Over the years Savary said, he’s been in and out of hospital emergency rooms and lock-down units. More recently, his medications have rendered him listless.

“He sleeps 24/7. He gets up and goes to meetings, but that’s no life,” Porter said. “Every day he must say it 100 times, ‘What does it all mean?’ I get so tired of hearing it.”

Savary isn’t happy with his predicament either.

“I went from hero to zero,” he said. “I used to have a good life. … It’s rough now.”

Beds but no doctors

One of the biggest providers of psychiatry services in the region is Lehigh Valley Health Network, whose facilities include a 52-bed adult inpatient center and 13-bed adolescent center, both at LVH-Muhlenberg.

And yet even there the demand for services is difficult to meet. According to LVHN’s website, only two of the network’s two dozen psychiatrists are accepting new patients.

“Even with this substantial and experienced team of providers and the number of people helped, access to all who need it remains a challenge,” LVHN spokesman Brian Downs said.

Virginia Wagner, behavioral health administrator at St. Luke’s University Health Network, sounded a similar note.
“We know the enormity of the national crisis that has been caused by the shortage of psychiatrists and we continue also to consider alternative models of care,” she said, adding that St. Luke’s continues to recruit psychiatrists and other licensed mental health providers.

Other area hospitals offer special psychiatric services. In 2015, Easton Hospital opened a 16-bed unit specifically for the inpatient psychiatric treatment of adults age 50 or older.

At its sprawling campus in North Whitehall Township, KidsPeace has one of the largest free-standing children’s psychiatric hospitals in the country, with 120 beds.

One day last month, the nonprofit had to turn away children even though only 96 of the beds were occupied, said Dr. Matthew Koval, chief medical officer at KidsPeace. The reason: Not enough psychiatrists.
Koval said the facility employs nearly a dozen psychiatrists, including himself, but still has three openings he has struggled to fill.

“We’re busy, and we’d be even busier if we had those three other doctors,” he said. “If we could recruit more, we would do more.”
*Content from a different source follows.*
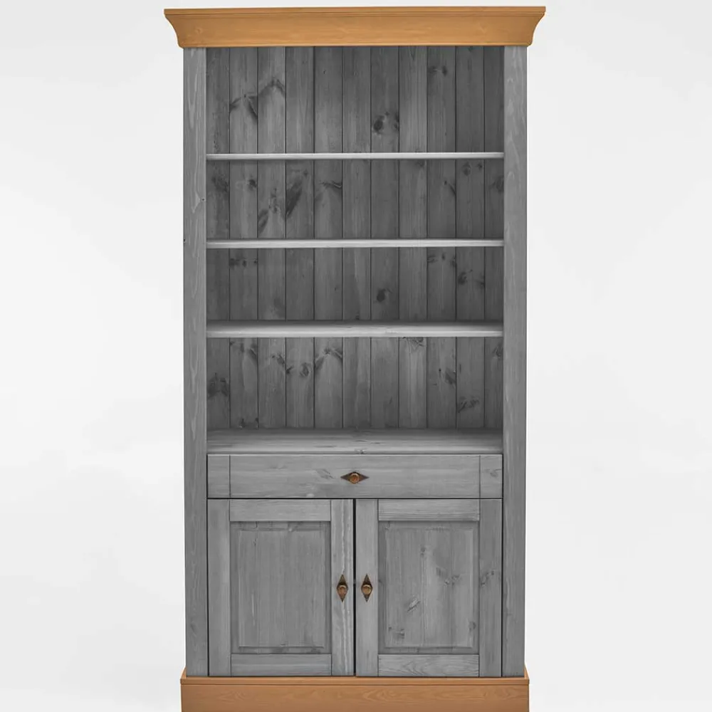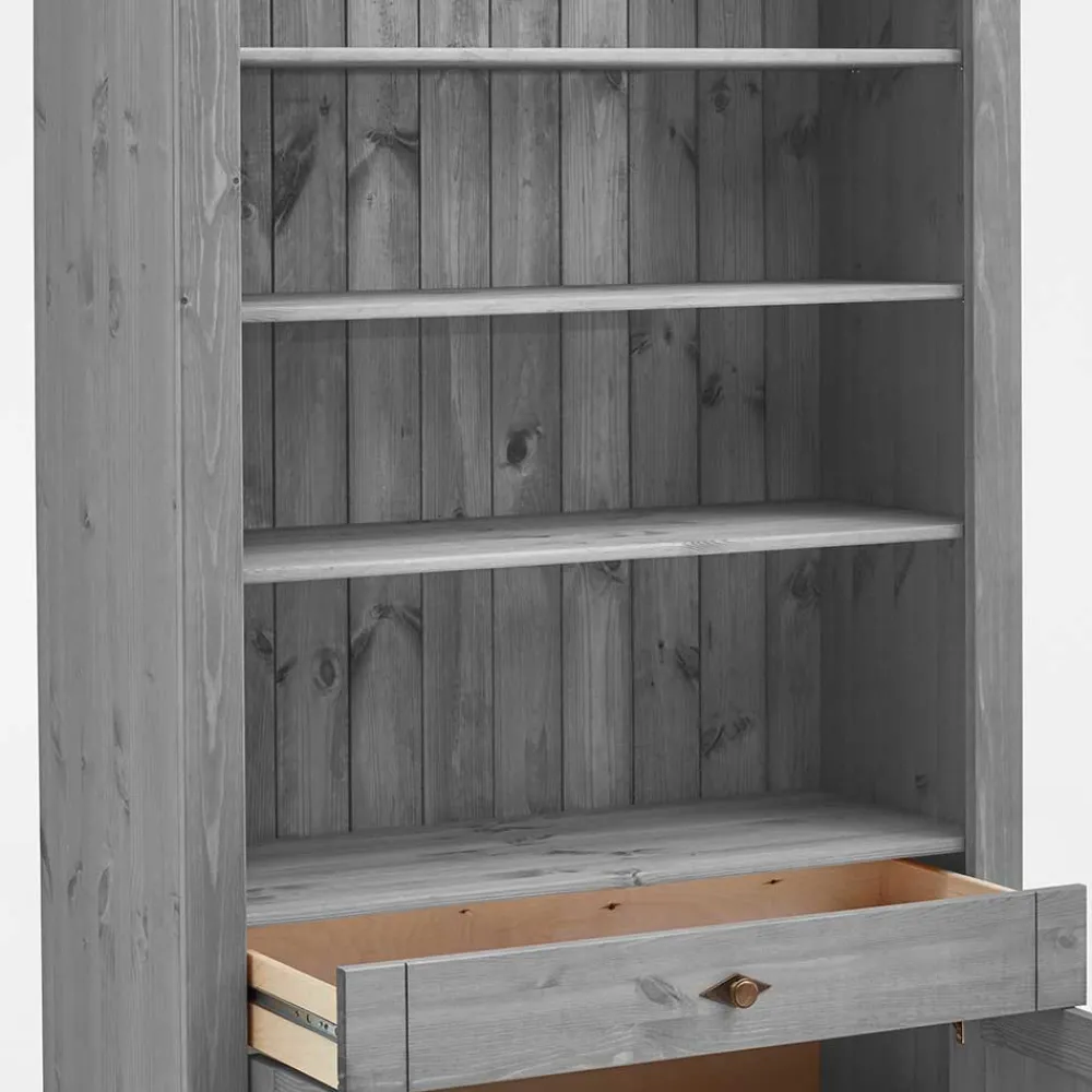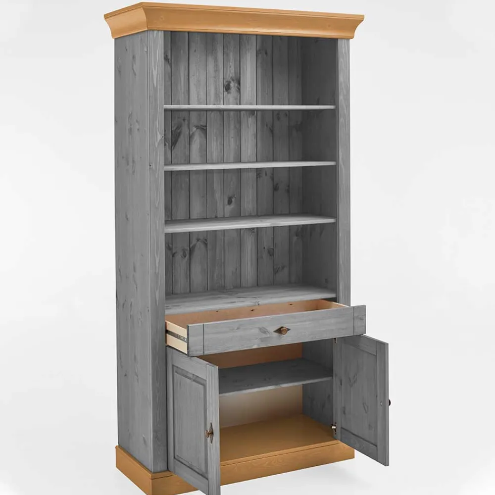 - Trendstarkes Wohnzimmerregal in Grau und Kiefer Laugenfarben

Indeed, competition for psychiatrists is stiff nationwide. Hospitals are making use of nurse practitioners and physician assistants who work under the direction of psychiatrists as well as video conferencing technology that allows psychiatrists to take on ever-larger caseloads. But such “physician extenders” aren’t enough.

The physician recruiting firm Merritt Hawkins reported in 2015 that the number of prospective employers’ searches for psychiatrists over the previous year hit an all-time high after three decades of tracking. Only internal and family medicine specialists were in higher demand.

Often family doctors, desperate to help their patients and lacking timely alternatives, step in to fill the gap despite their lack of expertise, Rifai said, noting that family doctors prescribe the majority of psychiatric medications.

“They know the wait time is so long,” he said. “And they start treatment.”

For Drabic’s family member, the key to regaining his mental health was a psychiatrist who was willing to experiment with different medications and doses until finding just the right combination. But it took years to find such a doctor, she said, and then more time to fine-tune the prescription.

The past year, she said, has been a good one for her family member, who is back in college after dropping out.

“I really admire people who have mental illness and continue to stick with it and put up with all the difficulties, whether it’s the stigma or the lack of practitioners,” she said. “It can be a particularly challenging illness, especially when it hits you at a young age.”